## TASK TO CARRY OUT
Every line from the one with "In make in this" up to and including the one with "Several vegan menu" is to be output exactly as it appears below; pictures are not.

## RECORDS FOR THE EXERCISE
============
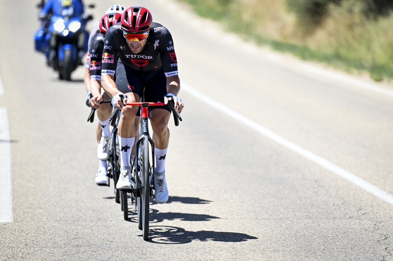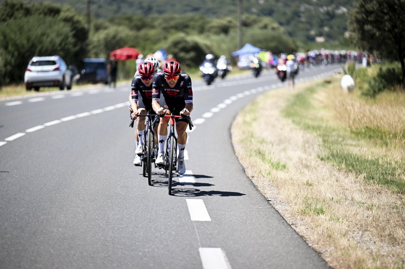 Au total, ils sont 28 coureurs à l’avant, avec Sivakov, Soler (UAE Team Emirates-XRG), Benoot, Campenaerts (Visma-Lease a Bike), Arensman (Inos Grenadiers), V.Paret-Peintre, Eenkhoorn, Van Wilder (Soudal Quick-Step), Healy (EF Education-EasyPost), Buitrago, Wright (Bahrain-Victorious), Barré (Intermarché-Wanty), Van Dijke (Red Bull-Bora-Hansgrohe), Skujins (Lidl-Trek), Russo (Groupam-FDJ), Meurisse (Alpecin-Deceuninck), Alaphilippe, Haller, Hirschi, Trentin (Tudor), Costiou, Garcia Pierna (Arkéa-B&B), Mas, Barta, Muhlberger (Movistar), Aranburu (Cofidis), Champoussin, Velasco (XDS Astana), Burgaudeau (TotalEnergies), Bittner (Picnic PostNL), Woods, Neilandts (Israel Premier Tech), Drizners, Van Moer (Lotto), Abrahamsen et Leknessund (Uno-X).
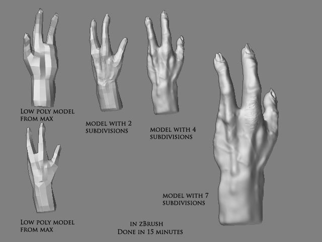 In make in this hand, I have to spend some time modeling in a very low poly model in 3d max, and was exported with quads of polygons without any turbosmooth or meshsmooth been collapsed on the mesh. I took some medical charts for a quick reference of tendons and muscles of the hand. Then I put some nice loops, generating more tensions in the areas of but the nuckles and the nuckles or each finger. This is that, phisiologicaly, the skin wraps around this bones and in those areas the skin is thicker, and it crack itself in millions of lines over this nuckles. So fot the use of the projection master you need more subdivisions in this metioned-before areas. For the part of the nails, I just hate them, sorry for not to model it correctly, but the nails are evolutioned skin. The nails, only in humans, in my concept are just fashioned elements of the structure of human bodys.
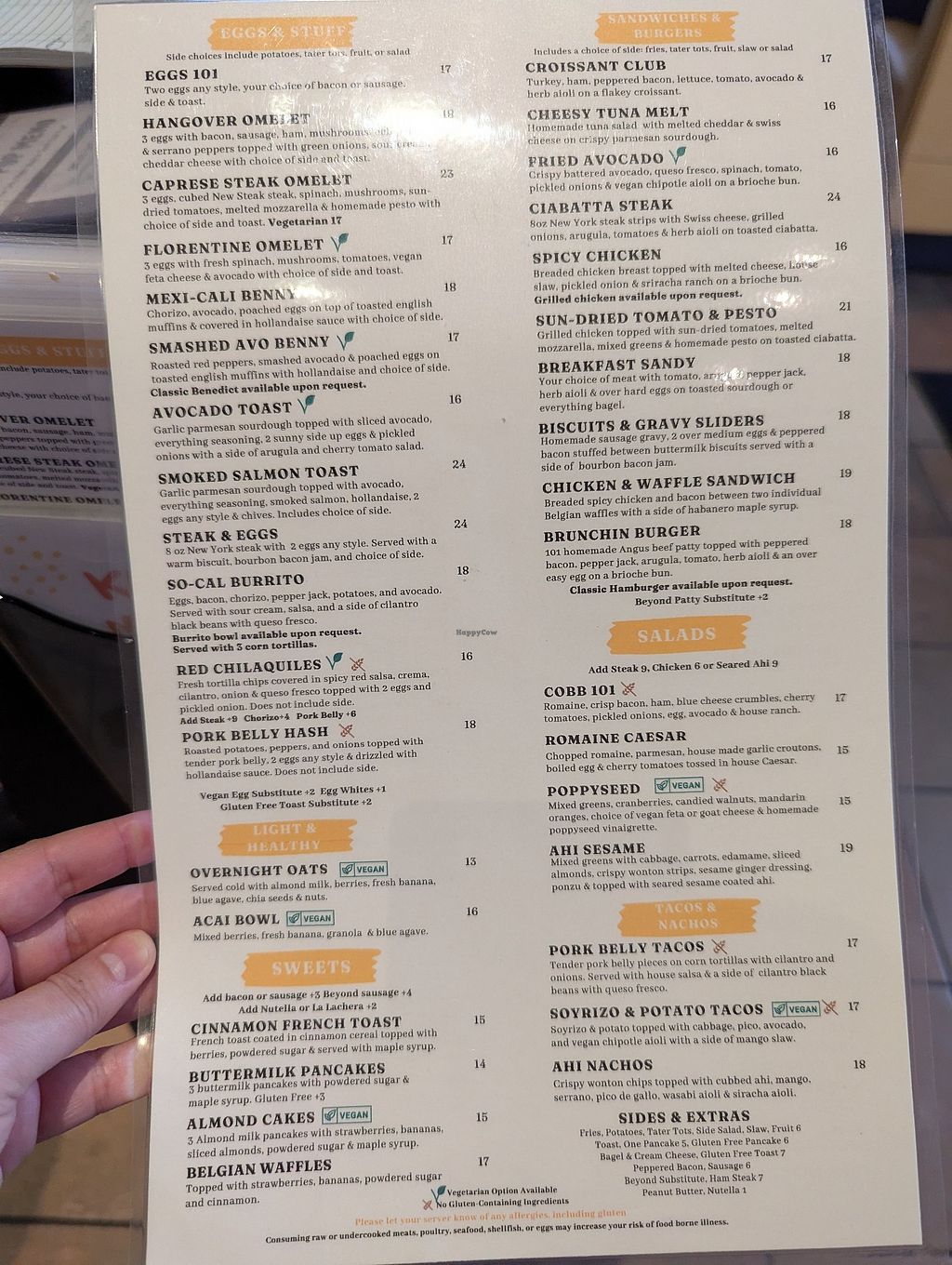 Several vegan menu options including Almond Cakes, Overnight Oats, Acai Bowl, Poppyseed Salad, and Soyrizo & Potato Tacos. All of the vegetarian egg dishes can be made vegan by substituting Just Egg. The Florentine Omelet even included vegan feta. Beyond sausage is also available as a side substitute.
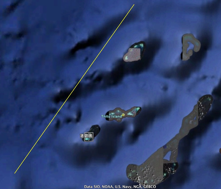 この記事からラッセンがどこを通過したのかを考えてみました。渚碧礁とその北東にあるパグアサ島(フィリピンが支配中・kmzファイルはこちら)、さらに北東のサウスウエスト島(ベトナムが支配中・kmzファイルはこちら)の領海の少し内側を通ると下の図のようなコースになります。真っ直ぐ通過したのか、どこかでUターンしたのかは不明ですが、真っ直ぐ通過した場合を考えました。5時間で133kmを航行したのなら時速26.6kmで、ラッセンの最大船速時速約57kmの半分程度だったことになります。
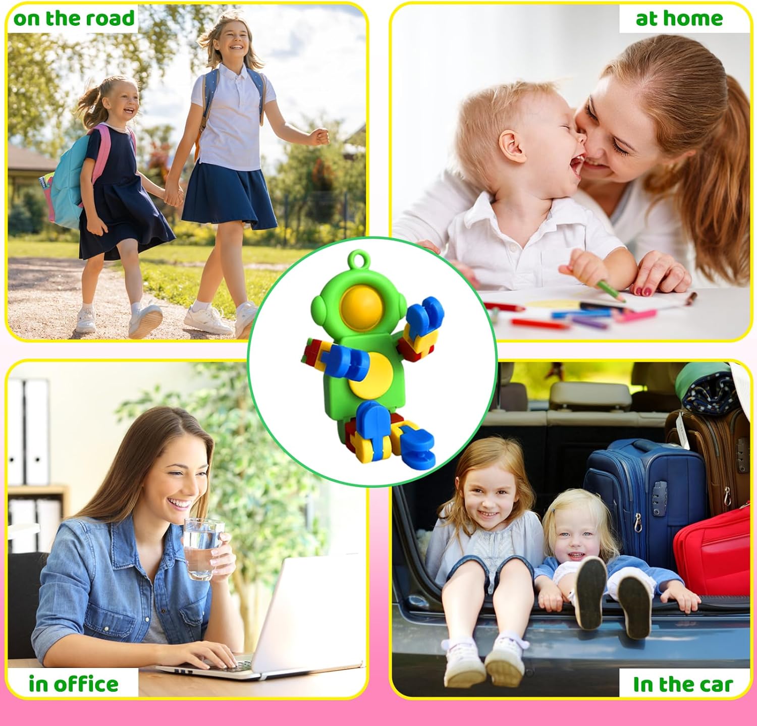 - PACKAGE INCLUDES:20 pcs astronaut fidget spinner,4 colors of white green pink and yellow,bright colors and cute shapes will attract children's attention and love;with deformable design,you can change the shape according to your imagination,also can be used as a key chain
============
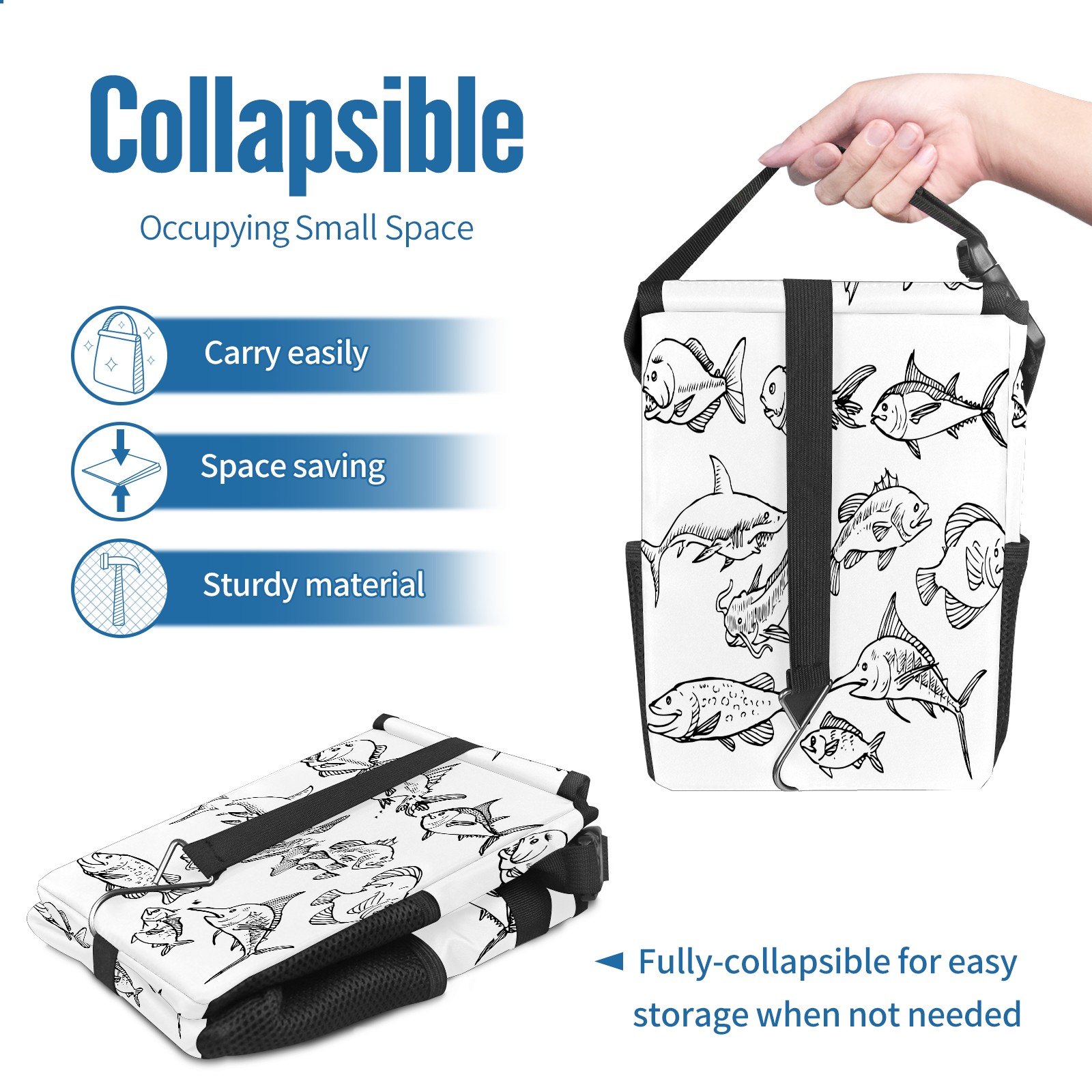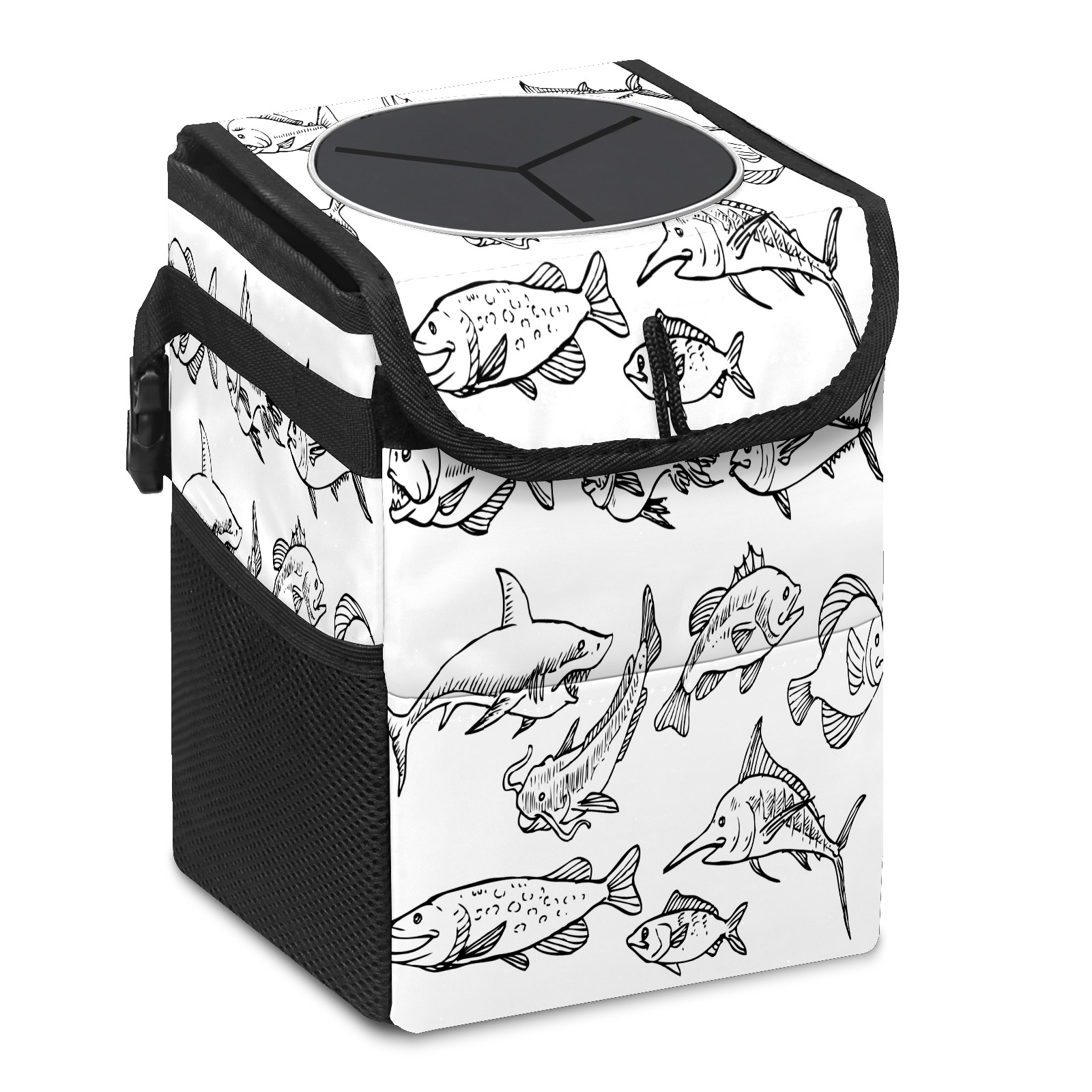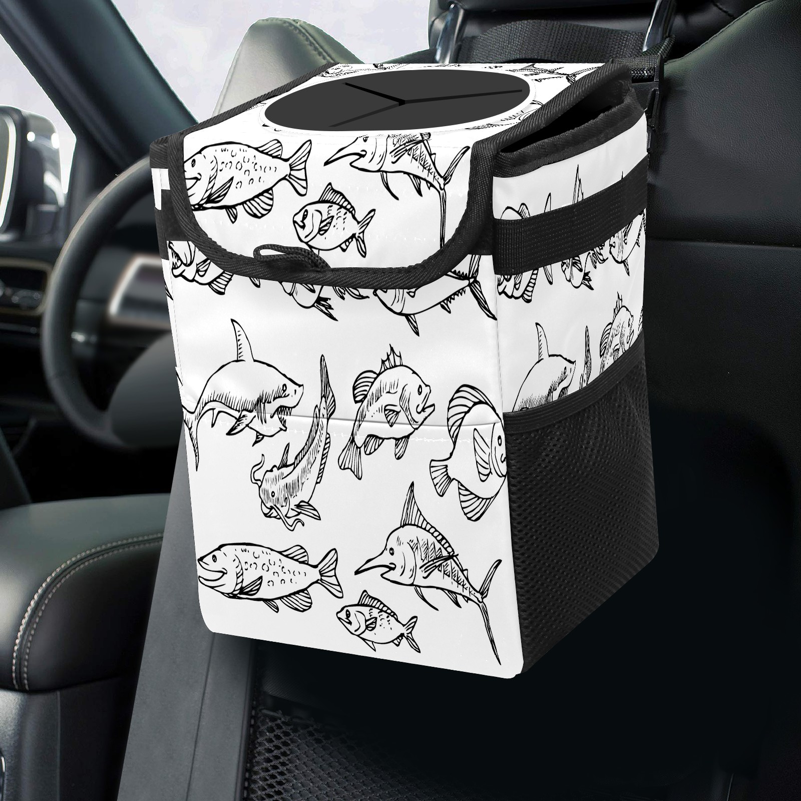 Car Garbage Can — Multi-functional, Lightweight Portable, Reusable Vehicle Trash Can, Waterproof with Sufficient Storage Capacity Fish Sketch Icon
============
## TASK OUTPUT
 In make in this hand, I have to spend some time modeling in a very low poly model in 3d max, and was exported with quads of polygons without any turbosmooth or meshsmooth been collapsed on the mesh. I took some medical charts for a quick reference of tendons and muscles of the hand. Then I put some nice loops, generating more tensions in the areas of but the nuckles and the nuckles or each finger. This is that, phisiologicaly, the skin wraps around this bones and in those areas the skin is thicker, and it crack itself in millions of lines over this nuckles. So fot the use of the projection master you need more subdivisions in this metioned-before areas. For the part of the nails, I just hate them, sorry for not to model it correctly, but the nails are evolutioned skin. The nails, only in humans, in my concept are just fashioned elements of the structure of human bodys.
 Several vegan menu options including Almond Cakes, Overnight Oats, Acai Bowl, Poppyseed Salad, and Soyrizo & Potato Tacos. All of the vegetarian egg dishes can be made vegan by substituting Just Egg. The Florentine Omelet even included vegan feta. Beyond sausage is also available as a side substitute.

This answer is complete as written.